Fundamental Types in C

"I'm very font of you, you must be my type."

Posted 15 January 2020 at 1:26 PM

By Joseph Mellor

This is the sixth article in the Making Sense of C series. In this article, we're going to discuss the types built into the C language. We'll focus mainly on the numerical applications of these types and how they interact with each other.

I apologize for the type punning in the tagline above. Credit to Jake Doerfler for showing me that pun.

So far, we've determined that we're going to give the compiler a file we want it to read, we've come up with a few basic rules about the format of the file (e.g. ending statements with semicolons), we've come up with a way to tell the compiler to ignore our comments within the code, we've established that we can do arithmetic, and we've set up a system for declaring variables, but we've only specified one type, an int.
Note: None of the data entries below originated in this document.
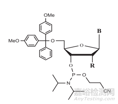 小核酸藥物的關(guān)鍵原料為核苷單體,如圖2所示,DNA的亞磷酰胺單體主要是由堿基、脫氧核糖、5'-DMT和3'端的2-氰乙基以及二異丙胺基組成;而RNA的亞磷酰胺單體在DNA的亞磷酰胺單體的基礎(chǔ)上,需要對(duì)2'-OH進(jìn)行保護(hù),該保護(hù)基團(tuán)一般為T(mén)BDMS(叔丁基二甲基硅基);此外,由于腺嘌呤,鳥(niǎo)嘌呤和胞嘧啶上存在伯胺基,因此也需要一定的基團(tuán)保護(hù),通常用作這些氨基保護(hù)基的是?;绫郊柞;˙z),乙?;ˋc),異丁?;?;然而,對(duì)于該步驟中,最關(guān)鍵的
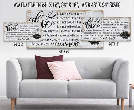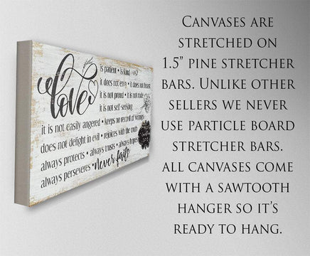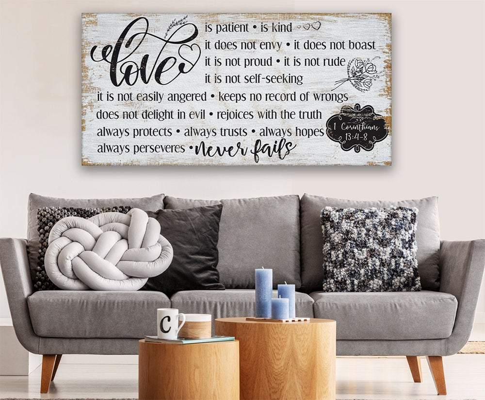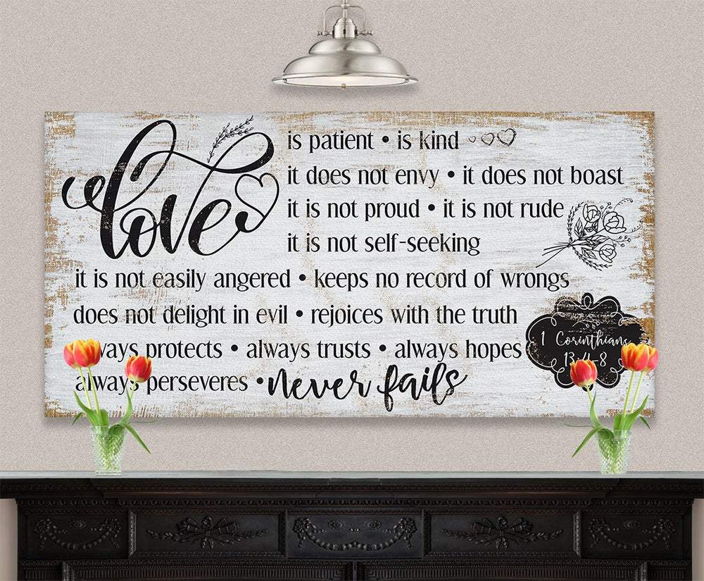 Love Is Patient - Large Canvas Wall Art (Not Printed on Wood) - Stretched on a Heavy Wood Frame - Perfect Above a Couch or Headboard - Makes a Great Housewarming and Wedding Gift
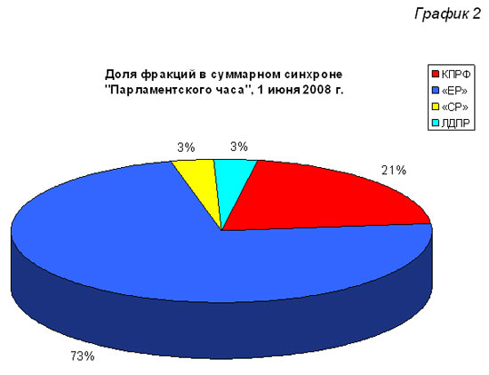 1 июня 2008 года в передаче «Парламентский час» на телеканале «Россия» фракции КПРФ было посвящено 3 минуты 18 секунд, или 16%. Фракция «Единая Россия» заняла 81% эфира передачи, или 17 мин 11 сек, что в 5 раз больше, чем КПРФ.

We've also never discussed how we can use floating point types in C, nor what we should do when different types interact.

If you haven't read the article on managing memory, you should read it to understand why we have multiple types to represent whole numbers. If you want to know more about how your computer represents integers, read the article on integer representation. Lastly, if you want to know more about how your computer represents floating point numbers, read the article on representing floating point numbers.

Topics Covered

Integral Types
Signed vs Unsigned Types
Floating Point Types
Interactions Between Different Types

Integral Types

So, we need to have a few different integral types because we want people to use memory effectively. If they want big numbers, we can let them use big numbers. If they don't need to use big numbers, we can let them use numbers that take up less memory to help them write efficient programs. If they're using computers with little memory (such as embedded computers), then they'll be able to save space. We should also let them declare signed and unsigned versions of the types since sometimes they won't need negative numbers, and doing so will allow them to use twice as many positive numbers.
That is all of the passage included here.